Q. What is the difference between a normal kid and an emo kid? A. The phrase "jump rope" means different things.
Difference Jokes
What can a dwarf do standing up that a tall person can't do standing up?
Suck dick.
What's the difference between my dad and my stepdad?
My stepdad beat my ass before he left.
What's the difference between Johnny Depp and an orphan?
An orphan has all their teeth intact.
What's the difference between Michael Jackson and acne? Acne doesn't come on a 5-year-old's face.
It’s important to establish a good vocabulary. If I had known the difference between the words “antidote” and “anecdote,” one of my best friends would still be alive.

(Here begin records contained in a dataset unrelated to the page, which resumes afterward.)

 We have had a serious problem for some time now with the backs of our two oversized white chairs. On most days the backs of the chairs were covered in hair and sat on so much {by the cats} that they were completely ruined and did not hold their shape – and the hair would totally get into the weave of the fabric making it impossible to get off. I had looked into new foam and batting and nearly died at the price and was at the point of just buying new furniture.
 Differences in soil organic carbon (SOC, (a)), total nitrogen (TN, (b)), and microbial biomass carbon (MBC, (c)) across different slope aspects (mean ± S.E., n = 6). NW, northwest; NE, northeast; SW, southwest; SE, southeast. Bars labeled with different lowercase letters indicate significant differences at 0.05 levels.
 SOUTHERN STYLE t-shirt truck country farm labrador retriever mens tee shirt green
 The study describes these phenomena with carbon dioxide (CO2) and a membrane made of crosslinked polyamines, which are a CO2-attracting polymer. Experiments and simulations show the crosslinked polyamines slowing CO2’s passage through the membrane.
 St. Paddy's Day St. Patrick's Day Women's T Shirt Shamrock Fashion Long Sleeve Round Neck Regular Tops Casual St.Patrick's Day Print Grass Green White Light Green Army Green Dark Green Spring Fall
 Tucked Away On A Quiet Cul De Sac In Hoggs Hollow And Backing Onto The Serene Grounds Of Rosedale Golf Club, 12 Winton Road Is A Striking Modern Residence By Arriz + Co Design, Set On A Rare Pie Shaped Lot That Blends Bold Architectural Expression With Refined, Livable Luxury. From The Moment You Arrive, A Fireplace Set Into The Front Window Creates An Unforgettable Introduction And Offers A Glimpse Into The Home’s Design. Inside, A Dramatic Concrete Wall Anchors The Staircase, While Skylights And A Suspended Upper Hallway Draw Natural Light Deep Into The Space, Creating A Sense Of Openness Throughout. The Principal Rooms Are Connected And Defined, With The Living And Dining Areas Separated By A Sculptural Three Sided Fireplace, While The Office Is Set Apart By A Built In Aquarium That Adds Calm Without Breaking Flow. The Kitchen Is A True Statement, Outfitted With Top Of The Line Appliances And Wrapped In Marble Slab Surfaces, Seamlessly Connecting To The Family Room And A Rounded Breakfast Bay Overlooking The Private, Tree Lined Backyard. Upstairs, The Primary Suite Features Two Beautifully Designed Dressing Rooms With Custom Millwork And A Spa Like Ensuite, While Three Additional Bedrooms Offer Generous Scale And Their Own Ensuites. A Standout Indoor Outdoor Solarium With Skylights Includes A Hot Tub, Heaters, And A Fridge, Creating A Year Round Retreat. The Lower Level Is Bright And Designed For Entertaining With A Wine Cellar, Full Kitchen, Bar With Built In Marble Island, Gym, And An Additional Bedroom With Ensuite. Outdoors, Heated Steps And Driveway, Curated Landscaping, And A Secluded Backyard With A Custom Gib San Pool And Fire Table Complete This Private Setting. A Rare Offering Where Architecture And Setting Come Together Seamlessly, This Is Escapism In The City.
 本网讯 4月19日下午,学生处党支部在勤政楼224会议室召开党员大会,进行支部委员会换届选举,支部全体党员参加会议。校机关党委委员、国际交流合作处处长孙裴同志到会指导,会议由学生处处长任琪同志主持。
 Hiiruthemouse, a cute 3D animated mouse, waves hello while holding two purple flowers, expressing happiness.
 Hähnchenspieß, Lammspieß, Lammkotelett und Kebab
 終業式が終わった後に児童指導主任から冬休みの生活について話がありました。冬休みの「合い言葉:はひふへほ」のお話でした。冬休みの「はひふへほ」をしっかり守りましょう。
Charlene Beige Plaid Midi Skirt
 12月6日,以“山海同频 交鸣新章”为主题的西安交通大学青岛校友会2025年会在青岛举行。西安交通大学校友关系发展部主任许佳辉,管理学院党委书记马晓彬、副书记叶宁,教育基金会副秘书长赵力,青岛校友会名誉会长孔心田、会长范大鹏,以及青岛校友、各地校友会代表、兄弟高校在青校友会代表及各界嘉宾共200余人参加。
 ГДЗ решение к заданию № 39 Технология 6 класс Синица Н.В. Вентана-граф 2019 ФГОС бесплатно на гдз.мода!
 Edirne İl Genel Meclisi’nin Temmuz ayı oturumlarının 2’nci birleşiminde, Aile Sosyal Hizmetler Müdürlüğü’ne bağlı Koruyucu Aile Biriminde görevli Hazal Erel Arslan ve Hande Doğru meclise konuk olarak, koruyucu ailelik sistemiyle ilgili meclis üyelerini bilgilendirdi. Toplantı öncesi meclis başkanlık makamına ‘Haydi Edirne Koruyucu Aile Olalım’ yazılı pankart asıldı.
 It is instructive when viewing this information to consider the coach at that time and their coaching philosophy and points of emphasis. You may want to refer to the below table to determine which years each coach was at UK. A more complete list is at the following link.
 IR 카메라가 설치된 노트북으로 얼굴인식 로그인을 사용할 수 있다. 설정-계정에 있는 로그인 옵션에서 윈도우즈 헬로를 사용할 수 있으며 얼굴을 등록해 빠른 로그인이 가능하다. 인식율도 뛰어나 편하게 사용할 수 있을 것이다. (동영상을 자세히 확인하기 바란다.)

What’s the difference between an apple and a depressed kid? The apple falls from the tree.
My arms are just a different texture pack compared to my body.
What’s the difference between a child and a suicider?
One stays quiet forever...
What are the differences between a preschool and a pedophile's basement? Little kids leave preschool.
Q. What's the difference between a normal kid and an emo kid? A. One has a functioning neck.
What's the difference between life and death? Life hurts.
What’s the difference between a Lamborghini and a dead body? I don’t have a Lamborghini in my garage.
How are humans and computers different? A human doesn't have trouble shooting.
What's the difference between a hamster and a cigarette?
They're both harmless until you stick them in your mouth and light them on fire.
What's the difference between my arm and my stomach? My stomach isn't ripped.
What's the difference between an Afghan kindergarten and a military target?
The drone guy didn't know either.
Jack and Jill went up the hill to fetch a pail of water. Jack was surprised to see she had different eyes, and that’s when he realized... Jack had fucked Jill’s daughter.
what's the difference between hitler and you?
one didn't keep posting on twitter about killing themselves.
What is the difference between R Kelly and Kelly Clarkson?
R Kelly hits on preteens, Kelly Clarkson hits on toddlers.